## STORED DATA

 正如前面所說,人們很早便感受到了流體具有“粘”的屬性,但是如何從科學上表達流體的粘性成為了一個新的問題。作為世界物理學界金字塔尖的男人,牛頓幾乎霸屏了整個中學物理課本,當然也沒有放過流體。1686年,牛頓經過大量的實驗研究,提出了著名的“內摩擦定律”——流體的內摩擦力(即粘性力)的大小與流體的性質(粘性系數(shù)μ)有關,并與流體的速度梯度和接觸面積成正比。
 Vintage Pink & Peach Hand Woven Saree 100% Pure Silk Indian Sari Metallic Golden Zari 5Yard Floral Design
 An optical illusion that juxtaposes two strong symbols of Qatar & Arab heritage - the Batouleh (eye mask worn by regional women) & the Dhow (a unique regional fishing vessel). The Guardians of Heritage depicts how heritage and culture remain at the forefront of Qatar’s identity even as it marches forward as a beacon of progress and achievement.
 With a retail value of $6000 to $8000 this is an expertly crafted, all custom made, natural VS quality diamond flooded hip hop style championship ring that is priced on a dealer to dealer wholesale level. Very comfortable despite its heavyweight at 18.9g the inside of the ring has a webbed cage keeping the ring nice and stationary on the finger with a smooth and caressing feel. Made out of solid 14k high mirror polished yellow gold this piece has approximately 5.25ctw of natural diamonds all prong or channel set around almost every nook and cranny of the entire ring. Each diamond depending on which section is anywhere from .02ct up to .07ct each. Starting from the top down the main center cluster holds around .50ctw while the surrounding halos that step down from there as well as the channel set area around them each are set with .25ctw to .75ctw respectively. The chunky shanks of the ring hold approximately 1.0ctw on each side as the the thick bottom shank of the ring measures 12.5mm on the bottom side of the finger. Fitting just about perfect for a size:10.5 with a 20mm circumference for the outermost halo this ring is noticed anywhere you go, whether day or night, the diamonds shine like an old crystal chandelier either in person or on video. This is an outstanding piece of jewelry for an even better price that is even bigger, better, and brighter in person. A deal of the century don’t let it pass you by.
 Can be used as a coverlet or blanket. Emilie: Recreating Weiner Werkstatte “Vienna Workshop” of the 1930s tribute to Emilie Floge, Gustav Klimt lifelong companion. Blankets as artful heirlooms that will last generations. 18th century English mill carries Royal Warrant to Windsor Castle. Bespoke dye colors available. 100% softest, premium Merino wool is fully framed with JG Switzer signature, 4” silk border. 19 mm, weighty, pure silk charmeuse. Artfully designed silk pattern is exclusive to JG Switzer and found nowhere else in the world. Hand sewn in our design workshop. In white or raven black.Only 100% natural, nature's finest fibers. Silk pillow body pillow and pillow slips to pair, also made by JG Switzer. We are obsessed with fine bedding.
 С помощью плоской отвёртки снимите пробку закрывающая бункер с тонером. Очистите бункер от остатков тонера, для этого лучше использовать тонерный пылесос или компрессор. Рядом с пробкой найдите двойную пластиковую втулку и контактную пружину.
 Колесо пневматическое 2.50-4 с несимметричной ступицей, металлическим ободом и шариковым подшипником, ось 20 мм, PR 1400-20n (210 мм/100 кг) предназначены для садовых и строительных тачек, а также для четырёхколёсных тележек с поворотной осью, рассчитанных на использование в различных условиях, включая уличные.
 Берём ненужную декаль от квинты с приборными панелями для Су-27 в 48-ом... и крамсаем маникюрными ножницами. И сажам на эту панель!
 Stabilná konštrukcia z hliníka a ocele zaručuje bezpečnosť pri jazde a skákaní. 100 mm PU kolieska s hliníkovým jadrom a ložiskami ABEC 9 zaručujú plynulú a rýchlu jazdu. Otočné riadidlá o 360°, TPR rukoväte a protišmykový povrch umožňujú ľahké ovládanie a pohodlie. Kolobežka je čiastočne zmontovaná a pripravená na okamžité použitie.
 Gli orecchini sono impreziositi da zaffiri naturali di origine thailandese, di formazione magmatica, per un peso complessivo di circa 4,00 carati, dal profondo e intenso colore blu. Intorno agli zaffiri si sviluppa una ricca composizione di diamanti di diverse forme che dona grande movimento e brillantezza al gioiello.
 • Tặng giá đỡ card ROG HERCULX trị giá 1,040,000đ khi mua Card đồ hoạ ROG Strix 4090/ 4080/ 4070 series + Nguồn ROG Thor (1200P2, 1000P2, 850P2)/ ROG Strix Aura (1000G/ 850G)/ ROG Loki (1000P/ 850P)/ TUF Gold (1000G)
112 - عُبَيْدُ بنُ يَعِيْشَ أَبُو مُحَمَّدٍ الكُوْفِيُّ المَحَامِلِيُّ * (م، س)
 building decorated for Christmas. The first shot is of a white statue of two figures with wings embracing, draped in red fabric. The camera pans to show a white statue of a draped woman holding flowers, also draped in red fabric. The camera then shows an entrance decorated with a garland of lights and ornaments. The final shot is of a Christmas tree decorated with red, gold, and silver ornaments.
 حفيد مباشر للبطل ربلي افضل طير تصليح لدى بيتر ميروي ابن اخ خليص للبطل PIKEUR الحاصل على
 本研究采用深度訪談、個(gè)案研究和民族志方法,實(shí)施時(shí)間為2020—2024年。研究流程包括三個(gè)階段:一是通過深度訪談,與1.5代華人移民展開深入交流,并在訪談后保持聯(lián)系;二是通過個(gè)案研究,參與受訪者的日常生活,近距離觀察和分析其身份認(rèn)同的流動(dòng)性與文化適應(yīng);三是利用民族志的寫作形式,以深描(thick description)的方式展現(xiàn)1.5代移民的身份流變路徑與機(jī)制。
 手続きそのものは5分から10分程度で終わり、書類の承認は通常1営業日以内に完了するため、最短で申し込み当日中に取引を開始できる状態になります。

## WHAT IS EXPECTED
The reply is to be an exact repeat of the records above.

## WRITTEN ANSWER
 正如前面所說,人們很早便感受到了流體具有“粘”的屬性,但是如何從科學上表達流體的粘性成為了一個新的問題。作為世界物理學界金字塔尖的男人,牛頓幾乎霸屏了整個中學物理課本,當然也沒有放過流體。1686年,牛頓經過大量的實驗研究,提出了著名的“內摩擦定律”——流體的內摩擦力(即粘性力)的大小與流體的性質(粘性系數(shù)μ)有關,并與流體的速度梯度和接觸面積成正比。
 Vintage Pink & Peach Hand Woven Saree 100% Pure Silk Indian Sari Metallic Golden Zari 5Yard Floral Design
 An optical illusion that juxtaposes two strong symbols of Qatar & Arab heritage - the Batouleh (eye mask worn by regional women) & the Dhow (a unique regional fishing vessel). The Guardians of Heritage depicts how heritage and culture remain at the forefront of Qatar’s identity even as it marches forward as a beacon of progress and achievement.
 With a retail value of $6000 to $8000 this is an expertly crafted, all custom made, natural VS quality diamond flooded hip hop style championship ring that is priced on a dealer to dealer wholesale level. Very comfortable despite its heavyweight at 18.9g the inside of the ring has a webbed cage keeping the ring nice and stationary on the finger with a smooth and caressing feel. Made out of solid 14k high mirror polished yellow gold this piece has approximately 5.25ctw of natural diamonds all prong or channel set around almost every nook and cranny of the entire ring. Each diamond depending on which section is anywhere from .02ct up to .07ct each. Starting from the top down the main center cluster holds around .50ctw while the surrounding halos that step down from there as well as the channel set area around them each are set with .25ctw to .75ctw respectively. The chunky shanks of the ring hold approximately 1.0ctw on each side as the the thick bottom shank of the ring measures 12.5mm on the bottom side of the finger. Fitting just about perfect for a size:10.5 with a 20mm circumference for the outermost halo this ring is noticed anywhere you go, whether day or night, the diamonds shine like an old crystal chandelier either in person or on video. This is an outstanding piece of jewelry for an even better price that is even bigger, better, and brighter in person. A deal of the century don’t let it pass you by.
 Can be used as a coverlet or blanket. Emilie: Recreating Weiner Werkstatte “Vienna Workshop” of the 1930s tribute to Emilie Floge, Gustav Klimt lifelong companion. Blankets as artful heirlooms that will last generations. 18th century English mill carries Royal Warrant to Windsor Castle. Bespoke dye colors available. 100% softest, premium Merino wool is fully framed with JG Switzer signature, 4” silk border. 19 mm, weighty, pure silk charmeuse. Artfully designed silk pattern is exclusive to JG Switzer and found nowhere else in the world. Hand sewn in our design workshop. In white or raven black.Only 100% natural, nature's finest fibers. Silk pillow body pillow and pillow slips to pair, also made by JG Switzer. We are obsessed with fine bedding.
 С помощью плоской отвёртки снимите пробку закрывающая бункер с тонером. Очистите бункер от остатков тонера, для этого лучше использовать тонерный пылесос или компрессор. Рядом с пробкой найдите двойную пластиковую втулку и контактную пружину.
 Колесо пневматическое 2.50-4 с несимметричной ступицей, металлическим ободом и шариковым подшипником, ось 20 мм, PR 1400-20n (210 мм/100 кг) предназначены для садовых и строительных тачек, а также для четырёхколёсных тележек с поворотной осью, рассчитанных на использование в различных условиях, включая уличные.
 Берём ненужную декаль от квинты с приборными панелями для Су-27 в 48-ом... и крамсаем маникюрными ножницами. И сажам на эту панель!
 Stabilná konštrukcia z hliníka a ocele zaručuje bezpečnosť pri jazde a skákaní. 100 mm PU kolieska s hliníkovým jadrom a ložiskami ABEC 9 zaručujú plynulú a rýchlu jazdu. Otočné riadidlá o 360°, TPR rukoväte a protišmykový povrch umožňujú ľahké ovládanie a pohodlie. Kolobežka je čiastočne zmontovaná a pripravená na okamžité použitie.
 Gli orecchini sono impreziositi da zaffiri naturali di origine thailandese, di formazione magmatica, per un peso complessivo di circa 4,00 carati, dal profondo e intenso colore blu. Intorno agli zaffiri si sviluppa una ricca composizione di diamanti di diverse forme che dona grande movimento e brillantezza al gioiello.
 • Tặng giá đỡ card ROG HERCULX trị giá 1,040,000đ khi mua Card đồ hoạ ROG Strix 4090/ 4080/ 4070 series + Nguồn ROG Thor (1200P2, 1000P2, 850P2)/ ROG Strix Aura (1000G/ 850G)/ ROG Loki (1000P/ 850P)/ TUF Gold (1000G)
112 - عُبَيْدُ بنُ يَعِيْشَ أَبُو مُحَمَّدٍ الكُوْفِيُّ المَحَامِلِيُّ * (م، س)
 building decorated for Christmas. The first shot is of a white statue of two figures with wings embracing, draped in red fabric. The camera pans to show a white statue of a draped woman holding flowers, also draped in red fabric. The camera then shows an entrance decorated with a garland of lights and ornaments. The final shot is of a Christmas tree decorated with red, gold, and silver ornaments.
 حفيد مباشر للبطل ربلي افضل طير تصليح لدى بيتر ميروي ابن اخ خليص للبطل PIKEUR الحاصل على
 本研究采用深度訪談、個(gè)案研究和民族志方法,實(shí)施時(shí)間為2020—2024年。研究流程包括三個(gè)階段:一是通過深度訪談,與1.5代華人移民展開深入交流,并在訪談后保持聯(lián)系;二是通過個(gè)案研究,參與受訪者的日常生活,近距離觀察和分析其身份認(rèn)同的流動(dòng)性與文化適應(yīng);三是利用民族志的寫作形式,以深描(thick description)的方式展現(xiàn)1.5代移民的身份流變路徑與機(jī)制。
 手続きそのものは5分から10分程度で終わり、書類の承認は通常1営業日以内に完了するため、最短で申し込み当日中に取引を開始できる状態になります。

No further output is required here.